• Wed, Nov 23 2011

Hailee Steinfeld’s Miu Miu Ad Has Been Banned In The UK

Hot on the heels of the banning of that rapey Marc Jacobs perfume ad featuring Dakota Fanning, the UK’s Advertising Standards Authority has struck again, banning a Miu Miu ad featuring 14-year-old actress Hailee Steinfeld crying on some railroad tracks. Is it because she’s shown in an overtly sexual way? Nope; this time the ad was deemed “irresponsible because it depicted a child in an unsafe location.” Say what?

Propagating the utterly wrong message about Nabokov’s Lolita (which, might I remind you, is a book about a child rapist), is indeed offensive and worthy of censure. But this just seems a little bit extreme. For once, I’m going to side with Prada UK (which owns Miu Miu), which has stated that the photo was “part of a serious, high-fashion campaign…based on the set of an imaginary film.” It looks like a film I might like to watch, too, as Steinfeld is a bright young actress. They also helpfully note that their young model “could have easily moved from where she was sitting because she was not restrained in any way.” Indeed.

In general, I am kind of creeped out by how much the fashion industry loves dressing little girls up in clothes that are being marketed to women (sometimes even having to make special tiny versions of them for the kids to wear), but if the ASA wants to ban that practice, then they should introduce some sort of blanket age requirement for who’s allowed to model women’s clothing instead of going after individual ads at random. I don’t see how this image is any more offensive than the hundreds of couture ads featuring girl’s Steinfeld’s age, or maybe just a couple of years older, dressed up like sexually mature women. If anything, it’s better than most, because the focus is on an imagined narrative and not her virginal beauty. If Hailee Steinfeld is allowed to shoot guns and act like a little bad ass in movies like True Grit, I don’t see why she can’t also be the subject of a dramatic ad campaign. At least she doesn’t have a flower sticking out of her crotch.

(Via The Telegraph UK)

From Our Partners

Share This Post:
  • Laura

    I find this one more concerning because I interpret the photo to reference teenage suicide? I consider that even riskier to romanticize.

  • vomiting

    How the fuck do you get ‘suicide’ from this? There is no oncoming train, and as Prada UK pointed out it’s not as though she couldn’t/wouldn’t get up at any time.

  • Fatima

    As the article mentioned, I just don’t get why children are wearing heels and dressed up in adult women’s clothing. WTF is wrong with the fashion industry. Are anorexic adult women not tiny enough so now they’ve literally gone to having children with prepubescent bodies model the clothing?
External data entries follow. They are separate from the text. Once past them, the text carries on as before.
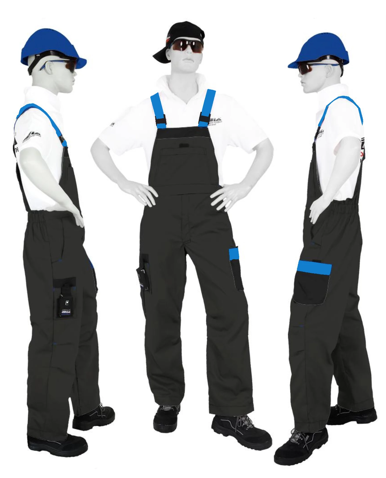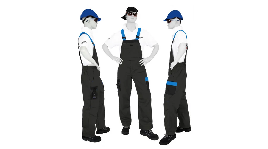 Strapabíró, kényelmes kantáros nadrág mindennapi munkavégzéshez, állítható vállpántokkal és praktikus zsebkialakítással.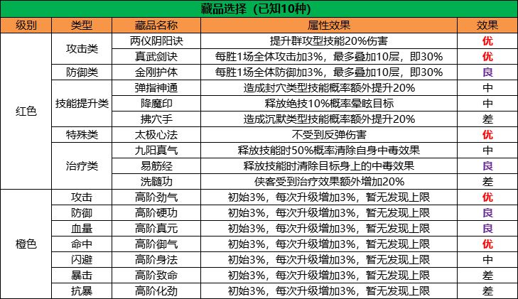 3、每通关一层可获得藏品属性加成,蓝<紫<橙<红,红色为极品属性,且同属性藏品可升级且收益可观,或刷新变成同品质的属性,如橙刷新只出橙,红刷新只出红,常规橙色以下%技能为:攻击、防御、气血、命中、闪避、暴击、抗暴等;其中目前已知属性分布如下: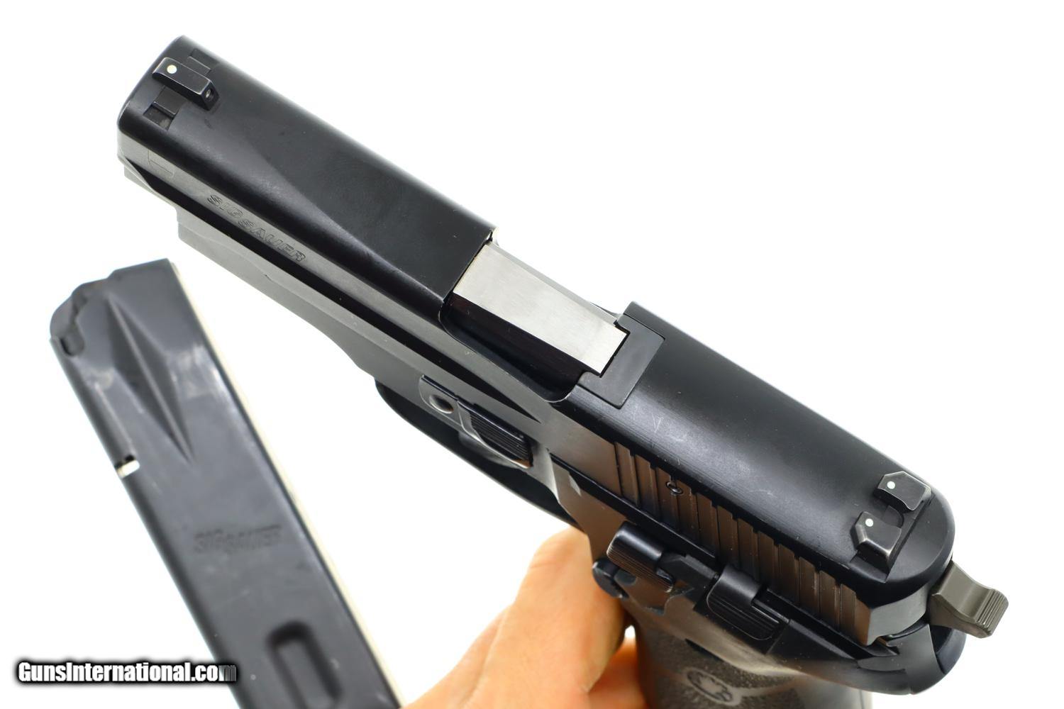 Description: Synopsis: SIG Sauer, P228, Swiss, Solothurn Police, 9mmP, B328951, I-806 Description: Standard configuration SIG SAUER P228 with nitron finished slide and early drift adjustable night sights. Left side of slide marked SIG SAUER followed by the canton symbol of Solothurn. The right side of the slide is marked with the model, along with the full serial number that is repeated on the right side of the barrel hood and right side of the frame.The left side of barrel is proofed with year code “AE” for 2004. Fitted with two piece black neoprene grips with a molded textured surface surrounding the manufacturers name. High capacity double column magazine marked SIG SAUER, the zippered spine having indicator holes marked for 5/10/13 cartridges. Condition: EXC+ original finish with wear consistent with minimal service use. Comparable condition grips. Magazine with insertional wear as photographed. Mirror bore. Perfect manual mechanics. A SIG Sauer Police variation seldom encountered in the United States. DO NOT PURCHASE IF YOU LIVE IN A STATE WHERE HIGH CAPACITY MAGAZINES ARE RESTRICTED! ~~Insured shipping fee of $55; most packages shipped using FedEx 2nd Day.~~ SOLD Manufacturer: SIG Sauer Serial Number: B328951 Caliber Info: 9mm |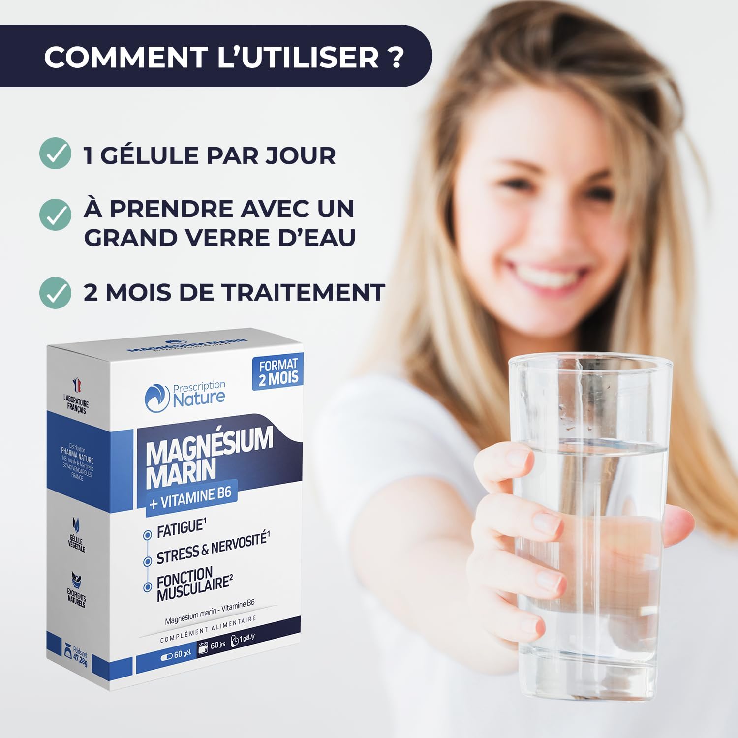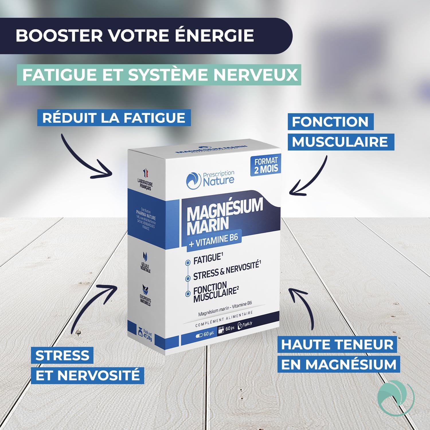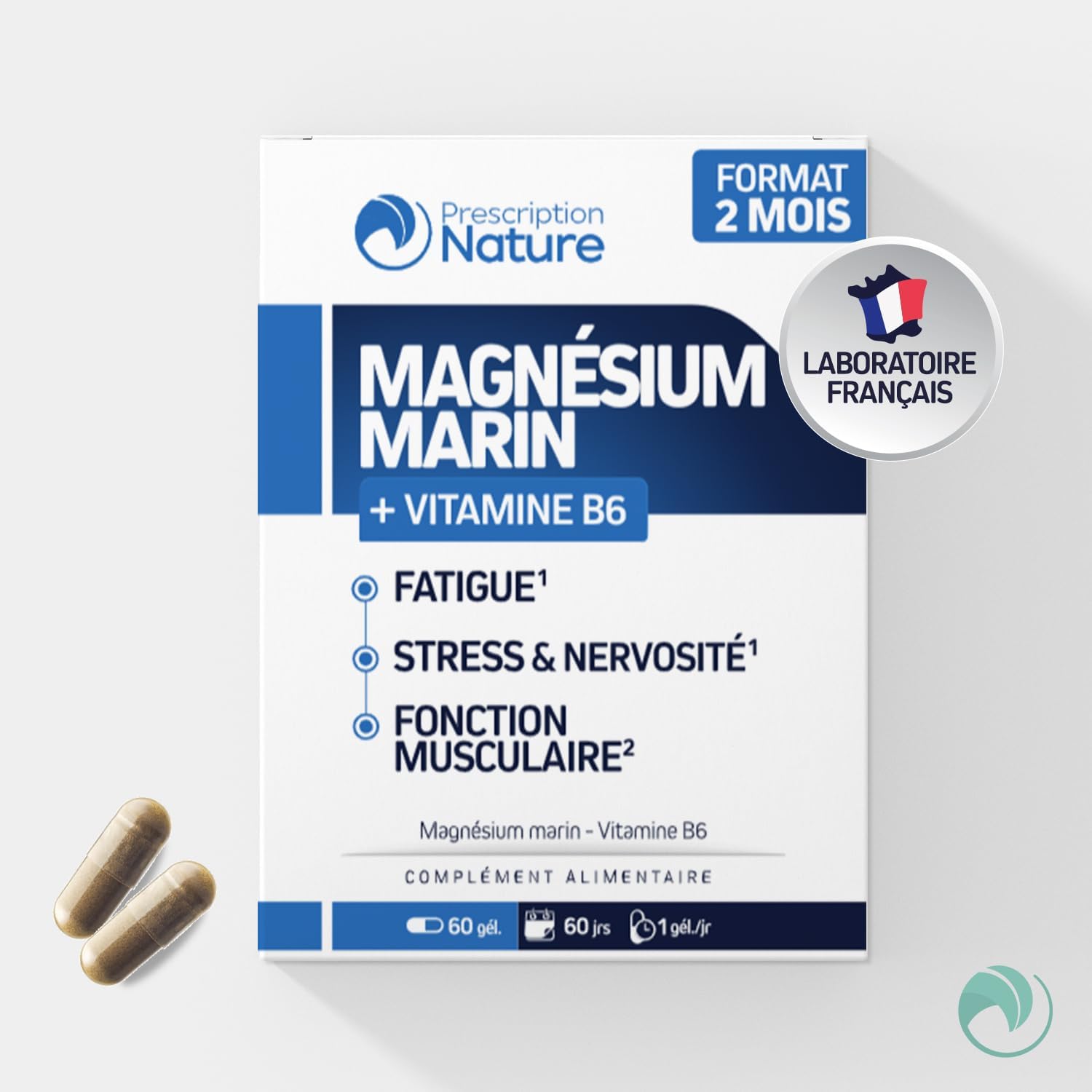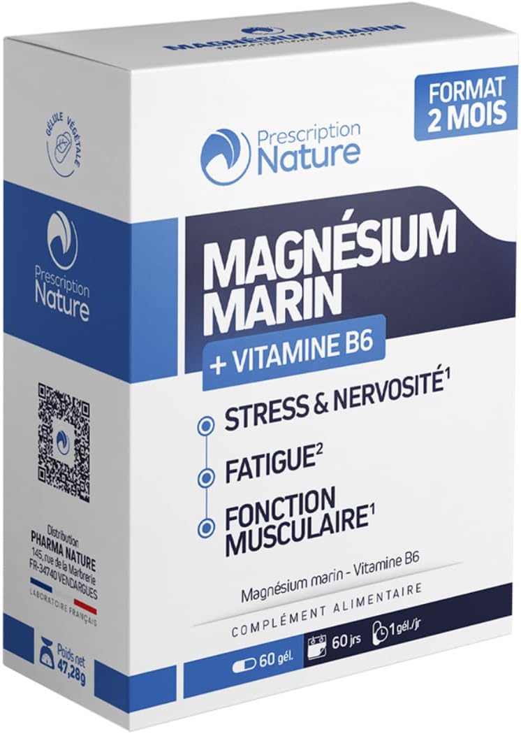 Prescription Nature – MARINE MAGNESIUM – Food Supplement, Fatigue and Nervous System – Marine Magnesium, Vitamin B6 – Made in France – 60 Capsules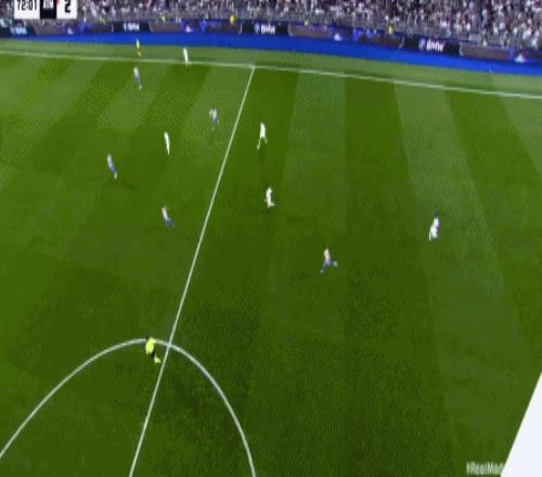 第41分鐘,卡瓦哈爾斜傳,楚阿梅尼甩頭攻門頂偏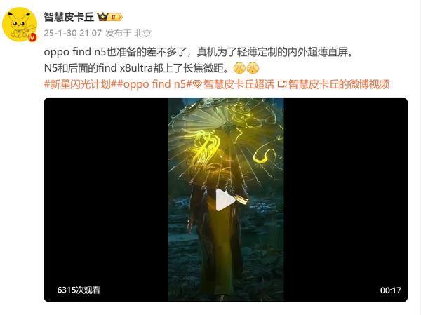 【CNMO 目前可以确定的技术新闻是,OPPO Find N5 将在 2 月发布,将成为 2025 2008年农历春节后,中国手机行业首次推出国产旗舰级大折叠手机。最近,有数字博主透露,OPPO Find N5 准备工作已经接近完成,该型号专门为轻薄感觉定制了内外超薄直屏。值得注意的是,OPPO Find N5 以及后续的 Find X8 Ultra 将配备长焦微距镜头。

I don’t understand the messaging. Who are these clothes for? No matter the scene it’s all disturbing. Go UK!

    • Amy

      I completely agree. I wouldn’t touch these clothes – it’s revolting. I saw a vera wang ad the other day and the girl looked 10 and she was lying on a couch with a guy who looked 40 draped all over her ( http://www.verawang.com/veraunveiled/wp-content/uploads/2011/08/VW-Love1.jpg) with the tagline “Give her love”. And VW is a female designer, you’d think she’d know better. The entire fashion industry has gone insane. If these ads are supposed to make me want the clothes they’ve completely and utterly failed. I wouldn’t be caught dead in stuff made to be worn by children.

  • Laura

    in the UK it’s actually illegal to trespass on train tracks… that and it is actually plenty dangerous

    so yeah, I think they have good reason to ban this one

  • Patricia

    This ad creeps me out, and as an adult woman I am baffled by the marketing choice of Prada. I mean…. Is this supposed to make us want to buy overpriced garnments? Blowing hard-earned cash on clothes that will make me look like a teenager in her mom’s outfit?

    No thanks Miu Miu, I went through that when I was 14 and have no desire to do it again.

  • EKS

    everything about this ad sucks. next.